VPNaaS currently has experimental implementations for IPSec and TLS. The VPN endpoint is inserted in to a neutron router. I assume that this implementation of VPNaaS will follow the same model.
Scenario 1: The Neutron Router is the CE
Following the pattern of the other VPNaaS implementations, I imagine that the neutron router will play the role of a CE. It will be a BGP peer to some PE and the route_target / import_target / export_target are exchanged between CE and PE as described in the last paragraph of section 4.3.1 of the RFC.

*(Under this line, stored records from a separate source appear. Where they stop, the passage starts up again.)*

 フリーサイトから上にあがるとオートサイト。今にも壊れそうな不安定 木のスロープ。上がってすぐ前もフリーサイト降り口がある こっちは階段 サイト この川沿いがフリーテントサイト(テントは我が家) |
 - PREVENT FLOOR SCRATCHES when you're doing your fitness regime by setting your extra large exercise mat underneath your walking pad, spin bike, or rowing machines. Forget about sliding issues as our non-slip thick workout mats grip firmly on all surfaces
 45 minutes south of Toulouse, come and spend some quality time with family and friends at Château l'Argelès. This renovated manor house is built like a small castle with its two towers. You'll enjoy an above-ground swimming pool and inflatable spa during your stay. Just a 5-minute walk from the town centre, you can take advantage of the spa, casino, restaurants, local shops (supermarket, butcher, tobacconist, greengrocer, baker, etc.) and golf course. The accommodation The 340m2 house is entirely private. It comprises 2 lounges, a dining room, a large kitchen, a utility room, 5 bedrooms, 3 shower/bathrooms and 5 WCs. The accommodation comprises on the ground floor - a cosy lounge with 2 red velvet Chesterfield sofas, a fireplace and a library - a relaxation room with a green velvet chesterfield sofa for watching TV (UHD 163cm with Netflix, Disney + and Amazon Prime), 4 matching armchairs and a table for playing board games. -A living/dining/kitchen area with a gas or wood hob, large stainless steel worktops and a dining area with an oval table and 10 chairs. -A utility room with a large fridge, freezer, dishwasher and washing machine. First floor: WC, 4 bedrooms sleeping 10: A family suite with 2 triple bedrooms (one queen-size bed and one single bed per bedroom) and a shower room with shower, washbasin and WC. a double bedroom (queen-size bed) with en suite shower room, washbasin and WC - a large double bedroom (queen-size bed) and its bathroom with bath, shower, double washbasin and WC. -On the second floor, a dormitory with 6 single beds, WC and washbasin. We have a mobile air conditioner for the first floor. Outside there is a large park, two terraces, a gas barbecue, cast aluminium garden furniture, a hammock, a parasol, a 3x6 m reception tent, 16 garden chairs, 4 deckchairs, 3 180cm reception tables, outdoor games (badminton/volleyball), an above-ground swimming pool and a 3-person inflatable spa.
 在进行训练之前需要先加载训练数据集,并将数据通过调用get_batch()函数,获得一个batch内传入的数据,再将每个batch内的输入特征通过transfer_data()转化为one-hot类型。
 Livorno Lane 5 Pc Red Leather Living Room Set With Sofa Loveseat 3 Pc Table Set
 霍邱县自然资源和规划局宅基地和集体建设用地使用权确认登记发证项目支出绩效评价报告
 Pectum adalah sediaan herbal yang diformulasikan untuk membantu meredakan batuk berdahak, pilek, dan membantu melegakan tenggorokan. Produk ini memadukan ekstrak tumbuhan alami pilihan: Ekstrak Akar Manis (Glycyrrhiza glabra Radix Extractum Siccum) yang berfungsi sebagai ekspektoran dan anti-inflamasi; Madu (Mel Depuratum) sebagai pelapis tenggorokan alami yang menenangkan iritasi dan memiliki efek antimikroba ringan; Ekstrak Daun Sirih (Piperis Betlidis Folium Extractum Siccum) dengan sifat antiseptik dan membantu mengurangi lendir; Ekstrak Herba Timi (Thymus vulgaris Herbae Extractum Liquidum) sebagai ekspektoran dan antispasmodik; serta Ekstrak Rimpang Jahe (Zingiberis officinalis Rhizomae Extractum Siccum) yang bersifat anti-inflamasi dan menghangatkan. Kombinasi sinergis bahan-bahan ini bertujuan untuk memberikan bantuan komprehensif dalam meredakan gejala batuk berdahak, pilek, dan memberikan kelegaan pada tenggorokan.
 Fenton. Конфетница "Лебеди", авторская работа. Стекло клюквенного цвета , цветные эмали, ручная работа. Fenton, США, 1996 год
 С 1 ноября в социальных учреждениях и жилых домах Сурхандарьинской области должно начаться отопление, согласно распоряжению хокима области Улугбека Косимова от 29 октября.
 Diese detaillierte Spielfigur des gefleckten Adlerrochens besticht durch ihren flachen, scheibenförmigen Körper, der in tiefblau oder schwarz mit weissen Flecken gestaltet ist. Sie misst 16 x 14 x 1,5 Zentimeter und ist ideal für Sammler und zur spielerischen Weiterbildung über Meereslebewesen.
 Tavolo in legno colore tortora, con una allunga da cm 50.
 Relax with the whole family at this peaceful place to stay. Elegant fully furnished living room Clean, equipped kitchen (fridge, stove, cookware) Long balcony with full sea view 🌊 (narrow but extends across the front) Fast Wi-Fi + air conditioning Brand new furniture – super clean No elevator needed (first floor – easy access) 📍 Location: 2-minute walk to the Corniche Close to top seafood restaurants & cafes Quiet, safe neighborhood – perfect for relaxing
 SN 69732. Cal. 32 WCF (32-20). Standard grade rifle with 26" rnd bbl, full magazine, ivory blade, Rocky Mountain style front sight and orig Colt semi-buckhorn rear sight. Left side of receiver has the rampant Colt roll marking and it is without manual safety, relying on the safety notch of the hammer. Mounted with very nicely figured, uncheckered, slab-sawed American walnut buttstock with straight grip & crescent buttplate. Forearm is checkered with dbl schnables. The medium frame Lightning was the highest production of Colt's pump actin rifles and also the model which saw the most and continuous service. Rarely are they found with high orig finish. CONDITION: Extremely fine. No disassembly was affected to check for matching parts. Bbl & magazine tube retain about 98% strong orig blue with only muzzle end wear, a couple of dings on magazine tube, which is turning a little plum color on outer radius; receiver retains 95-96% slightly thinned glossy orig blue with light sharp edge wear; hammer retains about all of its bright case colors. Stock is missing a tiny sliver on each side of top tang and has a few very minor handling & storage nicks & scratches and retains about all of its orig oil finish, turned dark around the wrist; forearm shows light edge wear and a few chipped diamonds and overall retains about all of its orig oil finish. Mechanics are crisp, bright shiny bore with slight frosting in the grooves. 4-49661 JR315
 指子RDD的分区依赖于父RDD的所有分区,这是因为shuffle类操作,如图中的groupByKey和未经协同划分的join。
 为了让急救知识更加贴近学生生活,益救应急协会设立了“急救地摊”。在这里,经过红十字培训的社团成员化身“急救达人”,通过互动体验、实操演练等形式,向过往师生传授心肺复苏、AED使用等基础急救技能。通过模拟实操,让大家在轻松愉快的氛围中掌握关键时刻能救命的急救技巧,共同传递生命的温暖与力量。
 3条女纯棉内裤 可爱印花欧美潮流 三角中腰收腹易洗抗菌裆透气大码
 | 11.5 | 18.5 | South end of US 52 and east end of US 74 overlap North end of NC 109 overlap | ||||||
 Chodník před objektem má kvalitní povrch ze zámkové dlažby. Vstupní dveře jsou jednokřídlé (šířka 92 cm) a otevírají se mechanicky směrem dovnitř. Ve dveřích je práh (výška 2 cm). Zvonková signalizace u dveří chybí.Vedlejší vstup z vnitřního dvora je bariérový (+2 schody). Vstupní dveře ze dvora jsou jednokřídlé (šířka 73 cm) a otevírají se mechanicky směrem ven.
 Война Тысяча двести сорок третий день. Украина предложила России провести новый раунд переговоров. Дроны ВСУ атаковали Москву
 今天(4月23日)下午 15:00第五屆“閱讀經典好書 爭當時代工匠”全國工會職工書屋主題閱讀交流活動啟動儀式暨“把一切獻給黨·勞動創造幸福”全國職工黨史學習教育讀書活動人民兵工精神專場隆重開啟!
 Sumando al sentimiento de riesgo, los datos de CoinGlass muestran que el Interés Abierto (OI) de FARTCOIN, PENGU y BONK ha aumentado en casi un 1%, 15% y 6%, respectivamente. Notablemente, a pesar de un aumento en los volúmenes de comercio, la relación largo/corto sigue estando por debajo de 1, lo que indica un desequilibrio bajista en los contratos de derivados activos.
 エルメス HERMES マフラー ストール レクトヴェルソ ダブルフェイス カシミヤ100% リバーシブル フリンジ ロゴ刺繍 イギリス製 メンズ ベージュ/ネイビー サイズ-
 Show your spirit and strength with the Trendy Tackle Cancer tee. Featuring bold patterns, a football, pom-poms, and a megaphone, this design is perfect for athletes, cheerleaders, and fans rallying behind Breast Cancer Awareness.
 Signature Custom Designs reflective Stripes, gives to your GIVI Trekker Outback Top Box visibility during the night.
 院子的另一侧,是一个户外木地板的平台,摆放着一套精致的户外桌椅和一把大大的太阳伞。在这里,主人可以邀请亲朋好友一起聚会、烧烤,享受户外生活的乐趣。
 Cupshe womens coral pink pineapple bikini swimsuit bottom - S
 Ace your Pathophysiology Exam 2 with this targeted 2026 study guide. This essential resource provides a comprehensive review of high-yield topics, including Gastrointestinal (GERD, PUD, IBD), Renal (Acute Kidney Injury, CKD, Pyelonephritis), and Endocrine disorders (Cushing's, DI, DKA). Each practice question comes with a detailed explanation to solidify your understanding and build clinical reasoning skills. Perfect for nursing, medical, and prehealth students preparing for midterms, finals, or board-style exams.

This type of VPN does not use strong endpoint authentication or encryption to ensure the privacy of the network. Instead it relies on an established relationship between the provider and the customer and a guarantee that the connection between the two is secured. This has some implications on the feasibility of bringing this in to the cloud if the cloud provider happens to be a third party distinct from the provider and the customer.
For example, consider the case where many neutron routers are connected to the same external network. Now, we connect a PE to the network with the goal to establish an MPLS/BPG link between one of the neutron routers acting as the CE to the PE. In this case, how will the provider securely determine the appropriate VRF for the customer’s traffic?
If I were the customer, I would be very nervous about using this shared external network as the “attachment circuit” for my virtual private network. I would insist on a private external network that is only accessible by my tenant. This is an extra constraint on this implementation of VPNaaS that the other implementations do not have. It already requires some configuration outside of Openstack which lessens the value of implementing any of this inside Openstack.
Scenario 2: The VMs are the CEs
This scenario does not follow the pattern of the other VPNaaS implementations. In this scenario the CEs are the VMs themselves and the PE is connected to the same provider network. The Neutron system establishes a single BGP connection with the provider and publishes routes to the known Neutron ports on the network. I’ll have to think through this scenario some more in order to expound.